The individual performances of amino acid composition (83.64%) and dipeptide composition (83.17%) were increased to 84.57% when both descriptors were combined together. This indicates that the combination of descriptors can enhance the individual performance of other descriptors, particularly those combining with amino acid composition. This is a binary classification problem involving a balance dataset and accuracy (Acc) is the best parameter for evaluating performance based on balance dataset whereas Matthew’s correlation coefficient (MCC) is more realistic than Acc when using an unbalanced dataset [47, 48]. But when both MCC and Acc values are high, the overall performance of the predicted model is better.
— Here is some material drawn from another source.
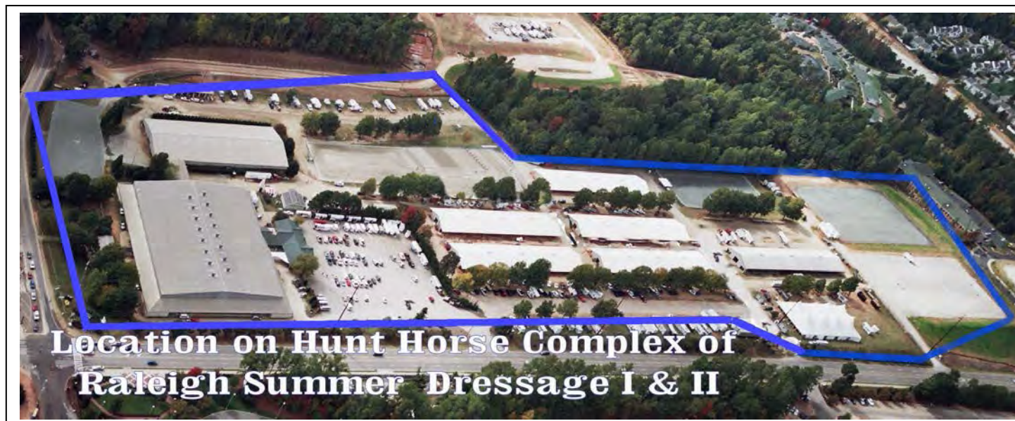
Location on Hunt Horse Complex of Raleigh Summer Dressage I & II

EVERY CLASS OFFERED HEREIN WHICH IS COVERED BY THE RULES AND SPECIFICATIONS OF THE CURRENT USEF RULE BOOK AND WILL BE CONDUCTED AND JUDGED IN ACCORDANCE THEREWITH.

The performances of the models were evaluated based on MCC (Figure 2). The pyramidal view and the length of the color coded descriptors were used for performance visualization. The best performer was amino acid and dipeptide composition in combination (0.6931) followed by amino acid composition (0.6765), dipeptide composition (0.6637), and Norm M-B autocorrelation (0.6449) in that order. This order is in line with their performances measured using accuracy as the parameter. This result justifies the performance of the overall model. In general the combination of descriptor sets performs better than individual descriptors, particularly when combined with amino acid composition.

581245.fig.002
Figure 2: The performances of descriptors with LIBSVM in terms of Mathew’s correlation coefficient (MCC). The length of each color coded descriptor and the pyramidal view are a measure of their performances in terms of MCC. The best performer was amino acid and dipeptide composition in combination (0.6931) followed by amino acid composition (0.6765), dipeptide composition (0.6637), and Norm M-B autocorrelation (0.6449) in that order.
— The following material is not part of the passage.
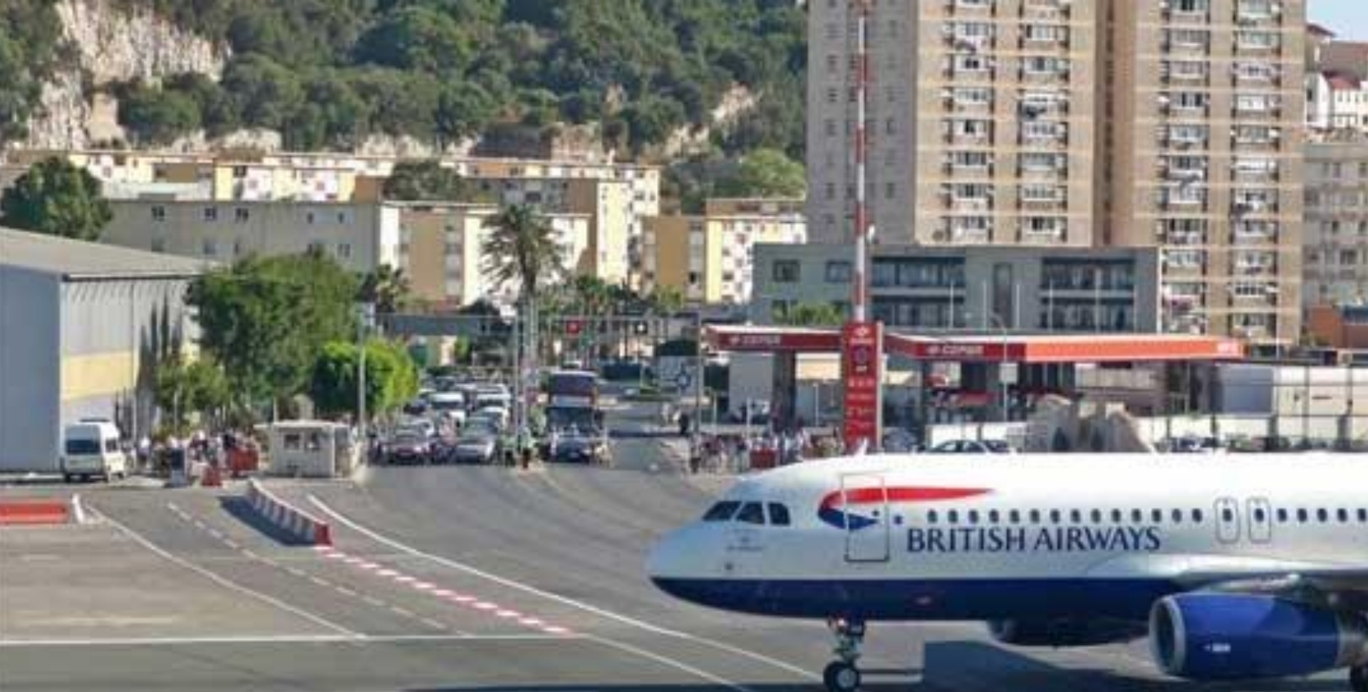
Gibraltar Tunnel case in England

Therefore from the statistical point of view the use of combination sets particularly with amino acid composition tend to give better prediction performance than individual-sets [53]. The amino acid composition generally increases the overall accuracies of other descriptors in combination. One of the shortcoming of amino acid composition as a descriptor is that the same amino acid composition may correspond to diverse sequences due to the loss of sequence order [28, 60]. This sequence order information can be partially covered by combination with dipeptide composition, but dipeptide composition itself lacks information on the fraction of the individual residue in the sequence, as such a combination set is expected to give a better prediction result [27, 61] as shown above due to masking effect.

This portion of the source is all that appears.